How can the cell permeabilization process be optimised?
It can be challenging to pass antibody-based probes through the plasma membrane and therefore cell fixation and permeabilization are fundamental to stain intracellular antigens effectively. Various methods can optimise this process. Firstly, when staining secreted proteins such as cytokines, it can be beneficial to add a protein transport inhibitor before the permeabilization stage to confine the cytokine. Also, in intracellular staining procedures, we advise staining for surface markers before commencing the permeabilization phase. This is recommended as the process can alter certain epitopes and subsequently hinder the validity of observations. Finally, we recommend completing sample stimulation before surface staining. This is endorsed as antibody-antigen surface binding can incite cells and alter the expression of intracellular signalling proteins.
How can the choice of permeabilising agent affect the results?
Using the correct permeabilising agent for the research experiment is central to correct data interpretation. We suggest avoiding agents such as Tween if possible, as Tween can lyse cells during prolonged incubation. Comparatively, Saponin does not change the antigen epitopes and can, therefore, be used in later staining. Agents such as Methanol are compatible with a majority of antigens, but not all fluorochromes can tolerate Methanol, highlighting the need to thoroughly research the appropriate agent for your experiment before commencing the research.
Are there ways to reduce the risk of loss of epitope?

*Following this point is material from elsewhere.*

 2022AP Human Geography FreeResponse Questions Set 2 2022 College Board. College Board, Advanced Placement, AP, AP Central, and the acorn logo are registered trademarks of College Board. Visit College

Yes, there are a few different tips which can be used to help prevent a loss of epitope. Firstly, fixing the sample for too long can increase the risk; therefore, stringent time management during the fixing stage is recommended. In most cases, the sample should not be fixed for more than 15 minutes. Similarly, keeping the sample on ice can help to reduce the chances of epitope loss by preserving activity at a low temperature. Finally, using too much paraformaldehyde, which releases methanol in its breakdown, is also associated with a loss of epitope. We advise using only 1% paraformaldehyde.

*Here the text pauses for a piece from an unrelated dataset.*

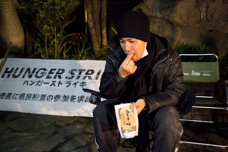 5市長に県民投票への参加を求めるハンガーストライキを始めてから60時間以上が経ち、医療関係者からの助言で塩を摂り始めました。

Is there a way to determine the amount of background signal?
The extent of background noise can be ascertained by always using an appropriate experimental control. It is advised that a negative control, which is of the same isotype as the labelled antibody, is included as a comparison against which the background signal can be based. Consequently, we recommend including a sample of unstained cells which have been incubated and analysed in tandem with the experimental sample.
Is there an optimal time period between stimulation and experimentation?
In order to limit the variability and staining intensity, stimulate the cell populations at the same time. It is recommended that a buffer is used to freeze the sample and all populations are thawed as one, approximately two hours before analysis. Likewise, running all of the samples in one batch can limit degradation and variability.
Ultimately, whether it is used as a single process or in combination with other analytical techniques, flow cytometry represents a swift and efficient means of antibody analysis. Through appropriate sample preparation, agent choice and time management, researchers can utilise this favoured technique in a way that significantly reduces the risk of experimental error. In doing so, both time and finances can be saved in the face of reliable and dependable research.